• [The problem] Once you reach the line containing "6. Підрив довіри", return it and every line after it exactly, through the end of the records below, with no pictures.
BEGIN Supplied material
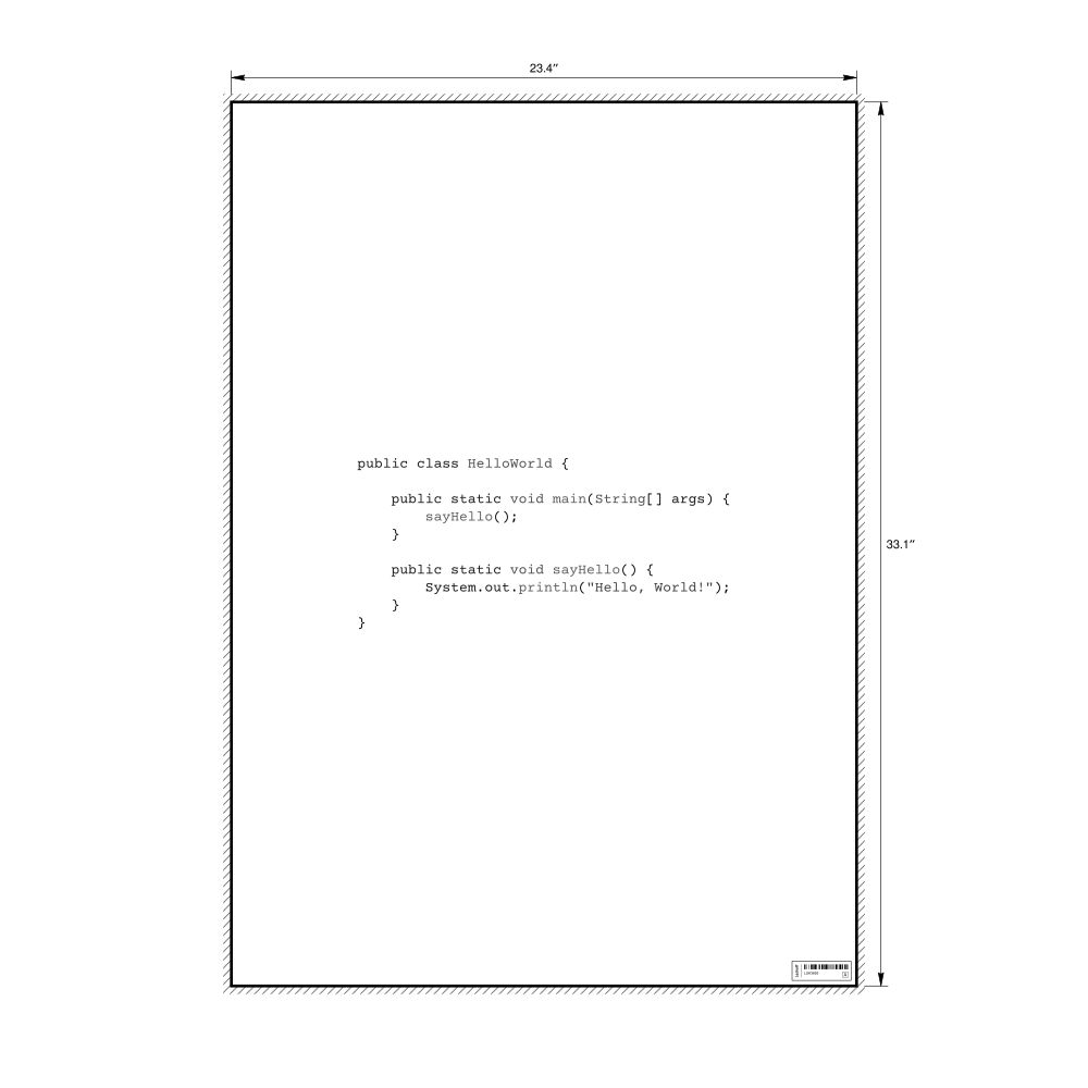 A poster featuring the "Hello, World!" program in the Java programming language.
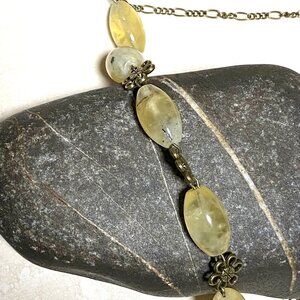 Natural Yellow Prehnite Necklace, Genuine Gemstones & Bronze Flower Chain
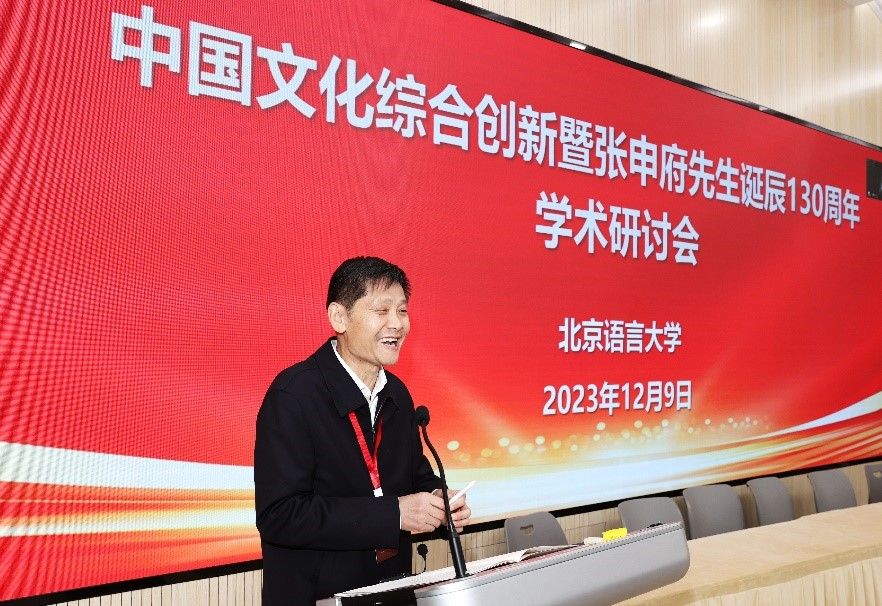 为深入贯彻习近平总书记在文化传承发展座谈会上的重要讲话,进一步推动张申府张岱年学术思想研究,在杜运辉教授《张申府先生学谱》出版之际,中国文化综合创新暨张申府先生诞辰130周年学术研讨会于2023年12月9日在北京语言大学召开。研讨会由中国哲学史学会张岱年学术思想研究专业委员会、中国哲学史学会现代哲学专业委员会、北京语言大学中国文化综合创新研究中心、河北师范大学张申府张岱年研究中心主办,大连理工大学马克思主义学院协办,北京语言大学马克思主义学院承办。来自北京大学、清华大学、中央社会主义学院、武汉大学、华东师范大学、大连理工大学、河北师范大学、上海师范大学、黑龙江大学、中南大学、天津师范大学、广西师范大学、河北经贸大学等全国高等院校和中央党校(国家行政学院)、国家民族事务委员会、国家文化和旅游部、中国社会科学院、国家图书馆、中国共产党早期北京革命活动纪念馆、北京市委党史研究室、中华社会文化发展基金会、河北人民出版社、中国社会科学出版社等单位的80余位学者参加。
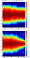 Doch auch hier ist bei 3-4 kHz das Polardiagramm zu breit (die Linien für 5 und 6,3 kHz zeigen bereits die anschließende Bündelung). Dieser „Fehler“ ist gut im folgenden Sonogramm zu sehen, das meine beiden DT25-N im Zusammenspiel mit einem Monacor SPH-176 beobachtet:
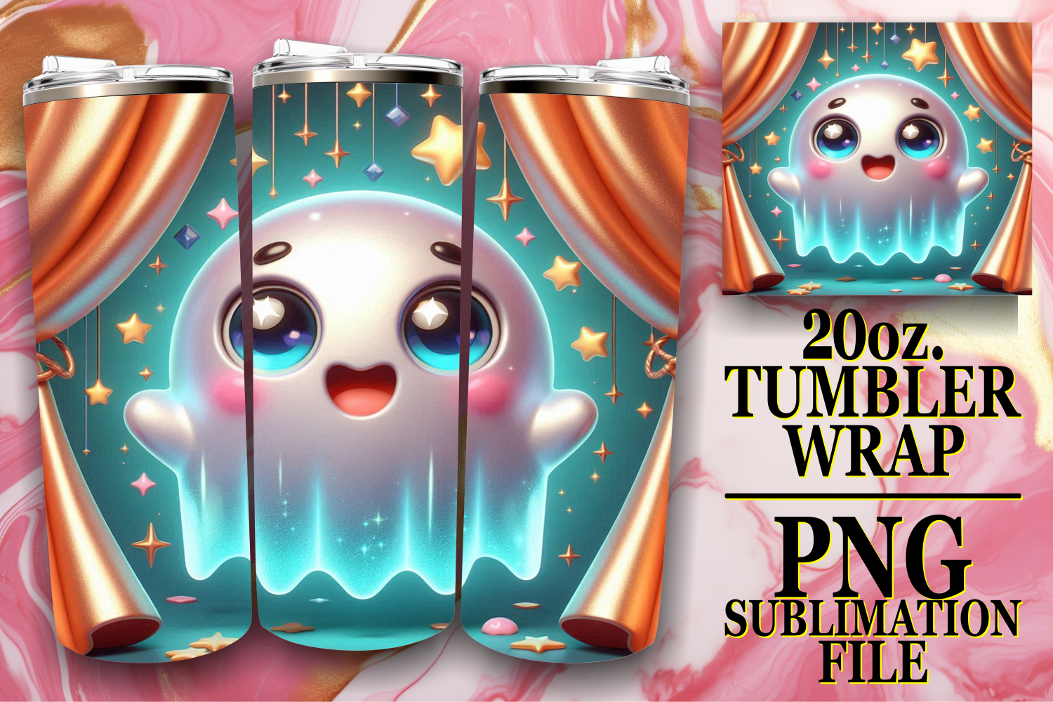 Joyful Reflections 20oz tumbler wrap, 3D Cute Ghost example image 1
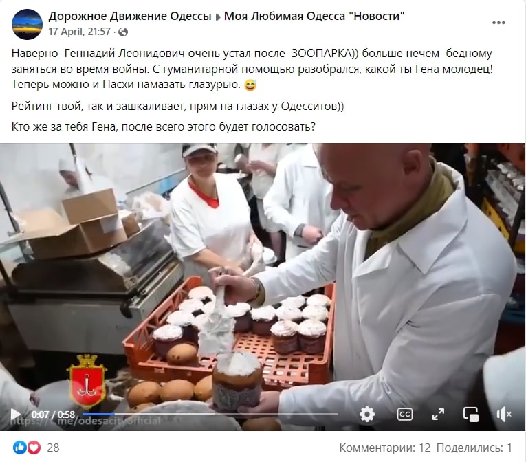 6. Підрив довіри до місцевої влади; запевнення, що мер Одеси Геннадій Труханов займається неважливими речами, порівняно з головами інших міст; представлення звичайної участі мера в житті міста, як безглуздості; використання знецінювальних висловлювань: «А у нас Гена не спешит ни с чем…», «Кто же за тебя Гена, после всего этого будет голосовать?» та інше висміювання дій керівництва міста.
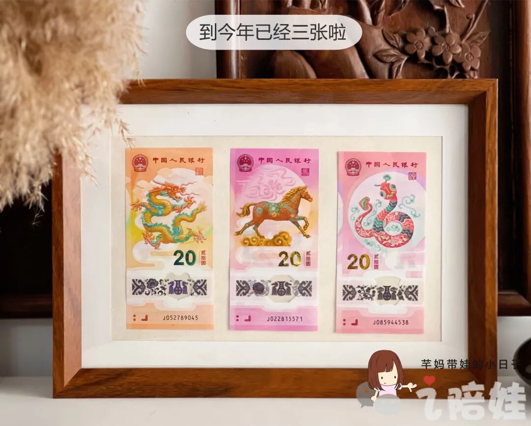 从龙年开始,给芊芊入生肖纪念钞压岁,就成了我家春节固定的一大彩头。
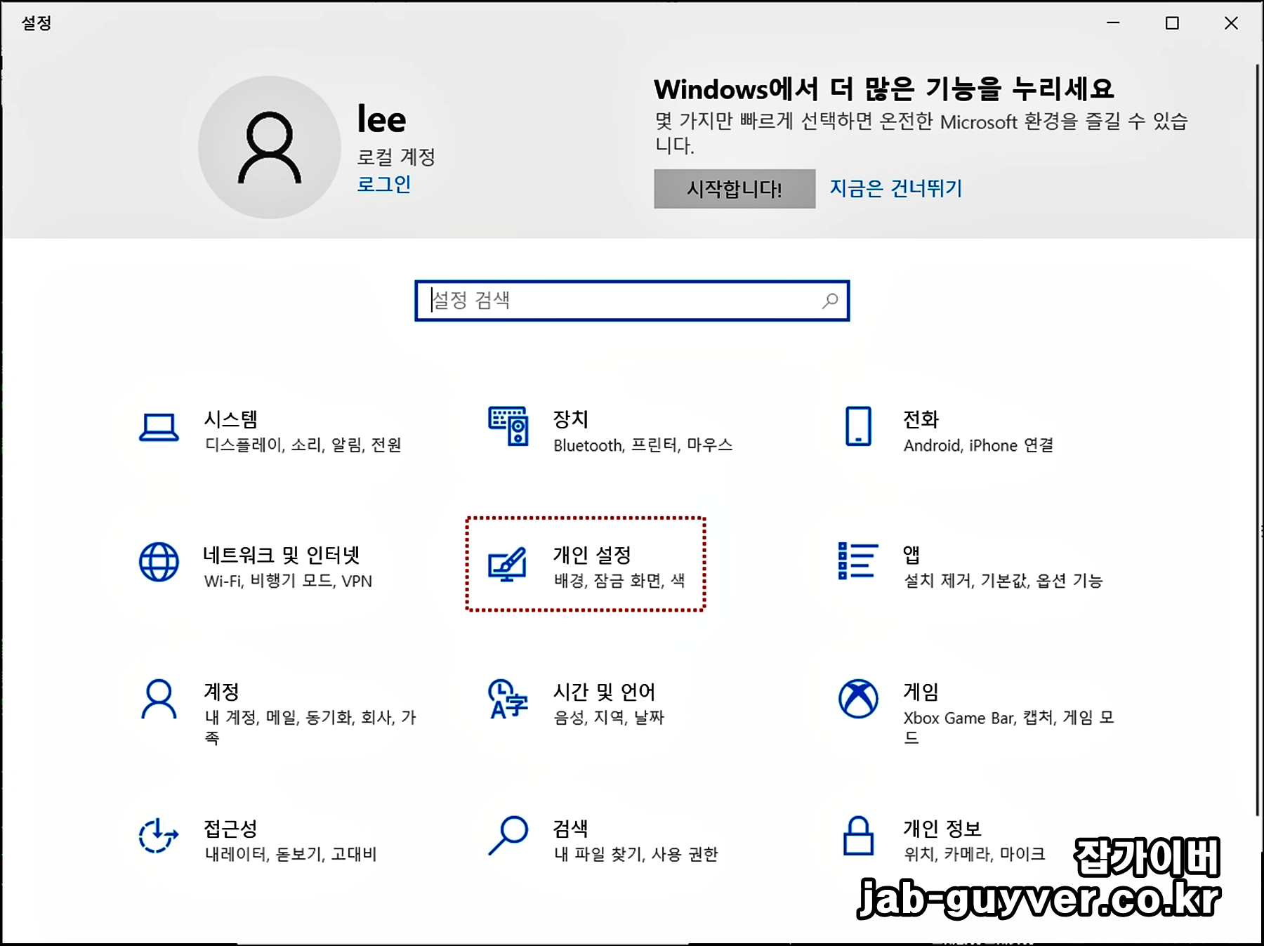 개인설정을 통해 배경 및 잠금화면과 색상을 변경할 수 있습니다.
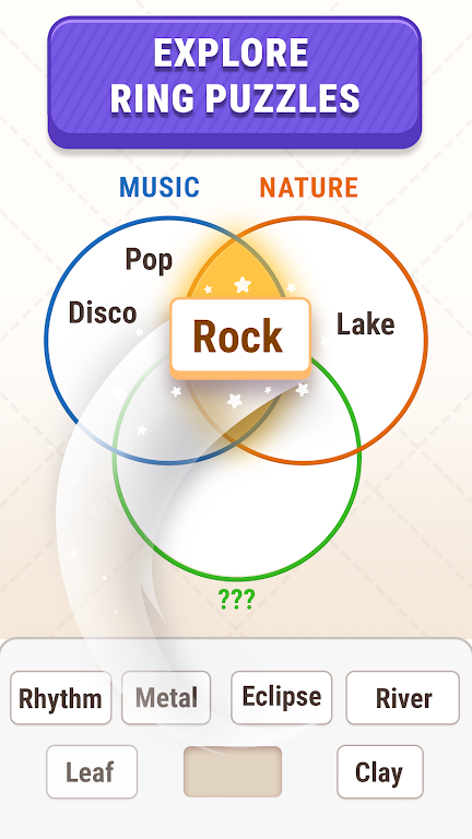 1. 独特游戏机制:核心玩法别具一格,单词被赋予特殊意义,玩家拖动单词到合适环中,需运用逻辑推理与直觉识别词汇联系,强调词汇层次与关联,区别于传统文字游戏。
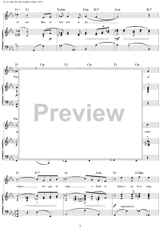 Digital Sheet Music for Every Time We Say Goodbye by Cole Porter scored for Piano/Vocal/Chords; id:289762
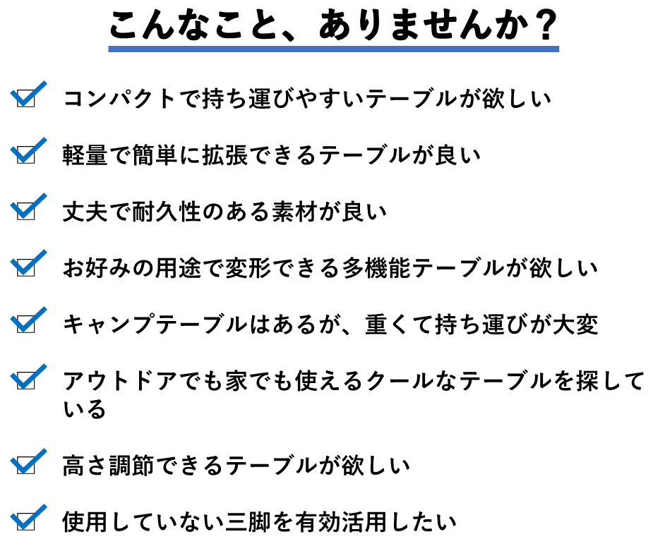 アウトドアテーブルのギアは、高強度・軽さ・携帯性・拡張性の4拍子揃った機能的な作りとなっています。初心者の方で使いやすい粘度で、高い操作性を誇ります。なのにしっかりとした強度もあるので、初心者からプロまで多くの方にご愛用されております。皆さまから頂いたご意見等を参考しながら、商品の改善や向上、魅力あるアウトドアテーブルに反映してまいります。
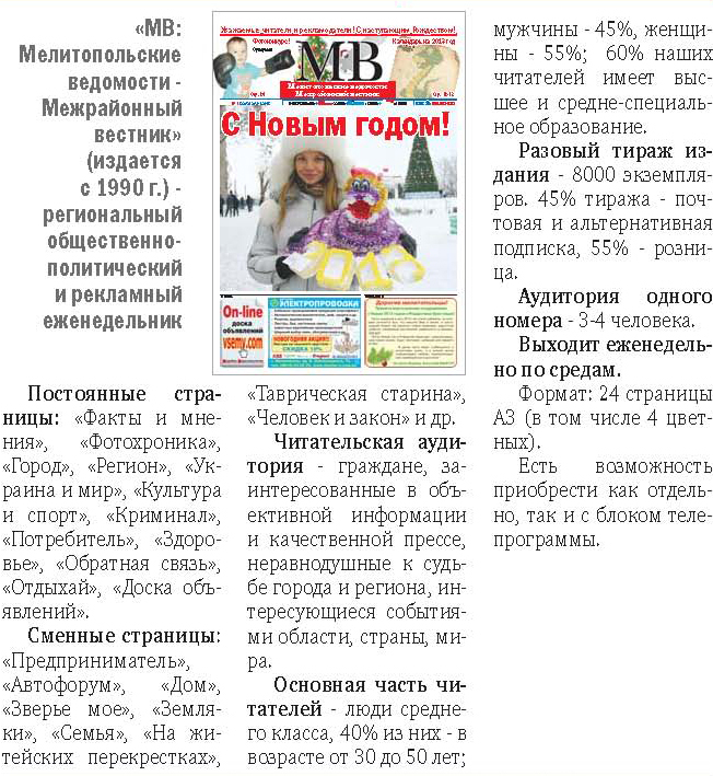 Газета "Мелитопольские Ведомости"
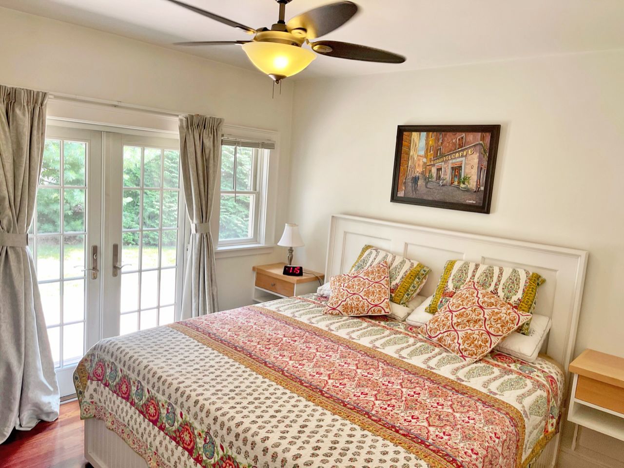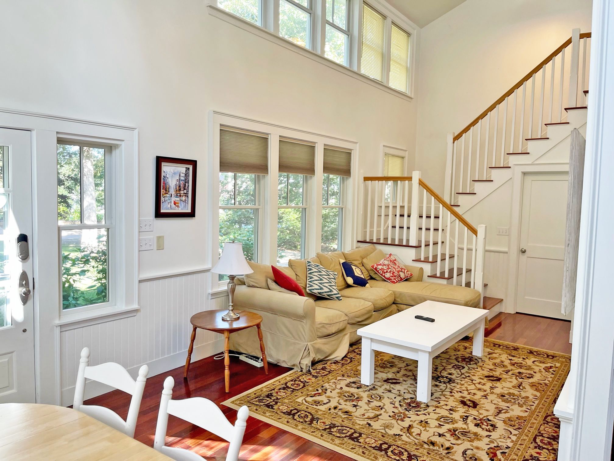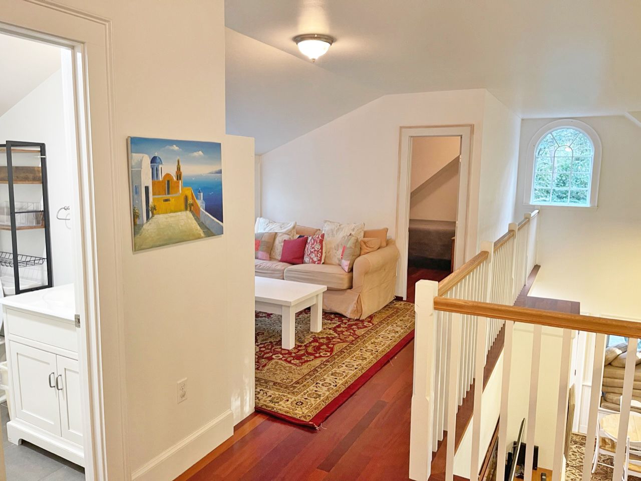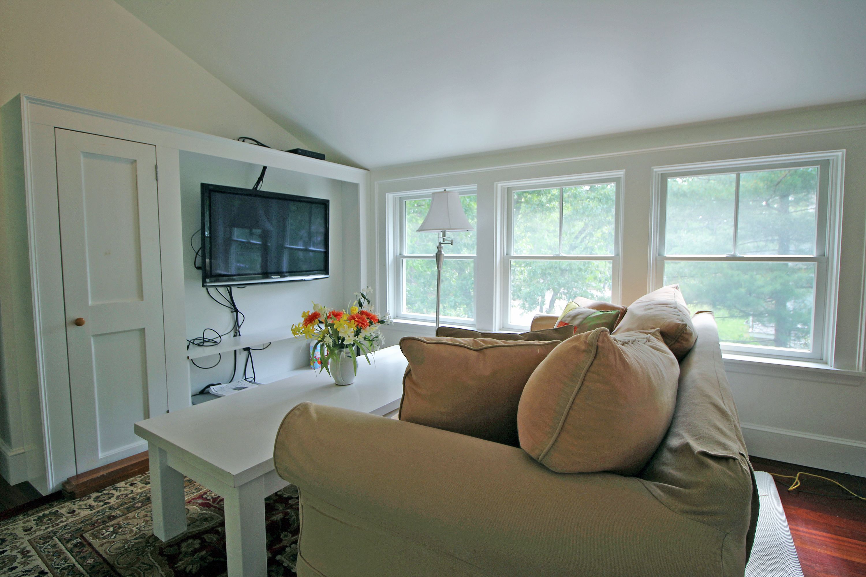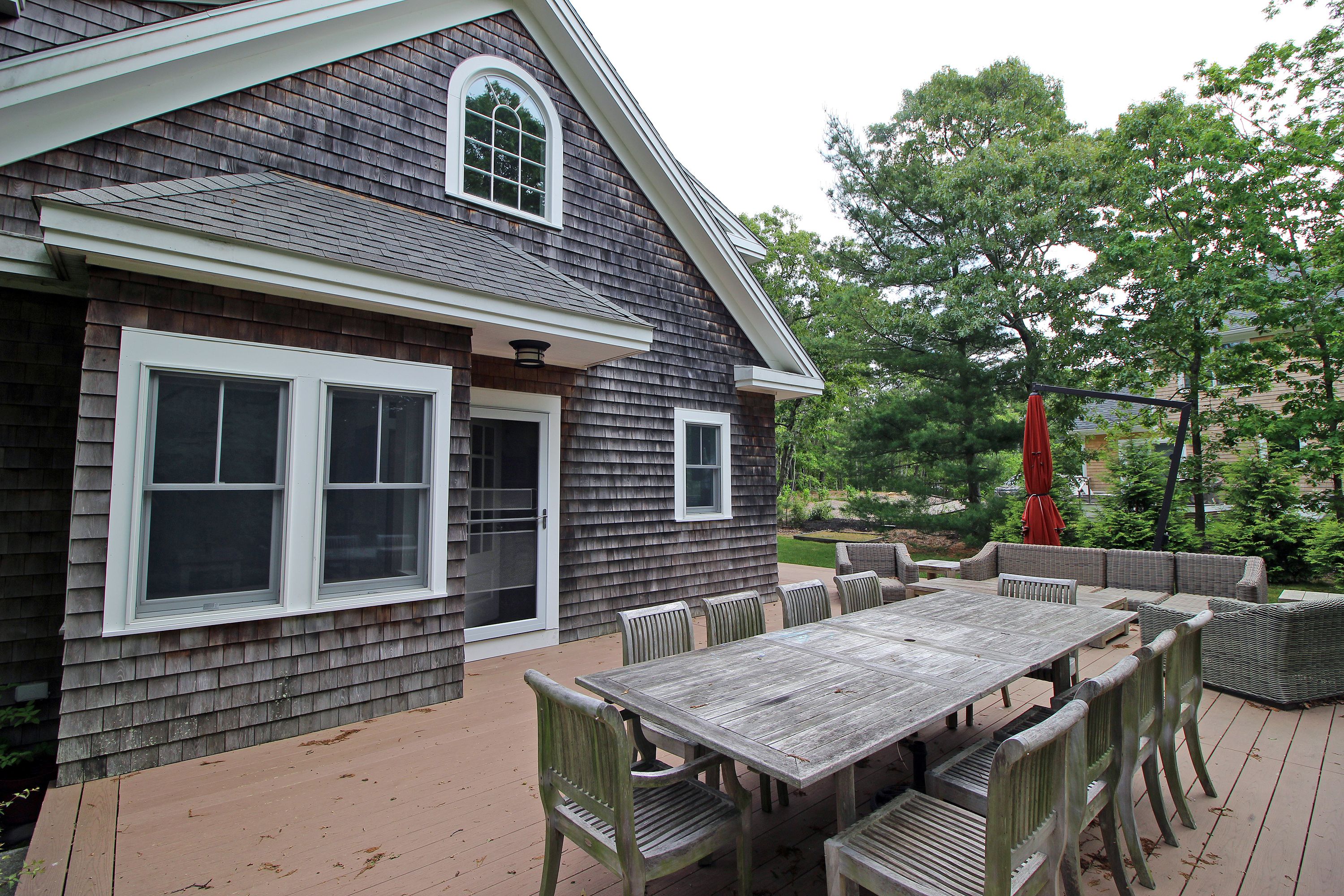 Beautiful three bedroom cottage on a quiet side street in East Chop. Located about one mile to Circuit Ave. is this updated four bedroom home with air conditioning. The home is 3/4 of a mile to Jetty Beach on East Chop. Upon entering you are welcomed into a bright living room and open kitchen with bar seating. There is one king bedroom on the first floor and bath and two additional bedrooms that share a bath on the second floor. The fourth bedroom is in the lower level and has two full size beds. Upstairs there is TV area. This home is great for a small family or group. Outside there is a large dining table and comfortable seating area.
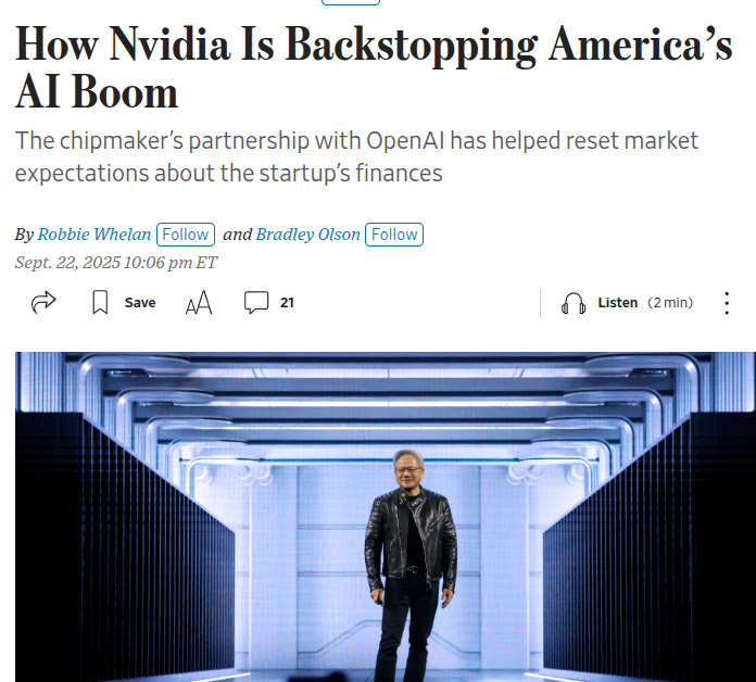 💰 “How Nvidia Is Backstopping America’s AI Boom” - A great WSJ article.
END Supplied material
• [Written response]
 6. Підрив довіри до місцевої влади; запевнення, що мер Одеси Геннадій Труханов займається неважливими речами, порівняно з головами інших міст; представлення звичайної участі мера в житті міста, як безглуздості; використання знецінювальних висловлювань: «А у нас Гена не спешит ни с чем…», «Кто же за тебя Гена, после всего этого будет голосовать?» та інше висміювання дій керівництва міста.
 从龙年开始,给芊芊入生肖纪念钞压岁,就成了我家春节固定的一大彩头。
 개인설정을 통해 배경 및 잠금화면과 색상을 변경할 수 있습니다.
 1. 独特游戏机制:核心玩法别具一格,单词被赋予特殊意义,玩家拖动单词到合适环中,需运用逻辑推理与直觉识别词汇联系,强调词汇层次与关联,区别于传统文字游戏。
 Digital Sheet Music for Every Time We Say Goodbye by Cole Porter scored for Piano/Vocal/Chords; id:289762
 アウトドアテーブルのギアは、高強度・軽さ・携帯性・拡張性の4拍子揃った機能的な作りとなっています。初心者の方で使いやすい粘度で、高い操作性を誇ります。なのにしっかりとした強度もあるので、初心者からプロまで多くの方にご愛用されております。皆さまから頂いたご意見等を参考しながら、商品の改善や向上、魅力あるアウトドアテーブルに反映してまいります。
 Газета "Мелитопольские Ведомости"
 Beautiful three bedroom cottage on a quiet side street in East Chop. Located about one mile to Circuit Ave. is this updated four bedroom home with air conditioning. The home is 3/4 of a mile to Jetty Beach on East Chop. Upon entering you are welcomed into a bright living room and open kitchen with bar seating. There is one king bedroom on the first floor and bath and two additional bedrooms that share a bath on the second floor. The fourth bedroom is in the lower level and has two full size beds. Upstairs there is TV area. This home is great for a small family or group. Outside there is a large dining table and comfortable seating area.
 💰 “How Nvidia Is Backstopping America’s AI Boom” - A great WSJ article.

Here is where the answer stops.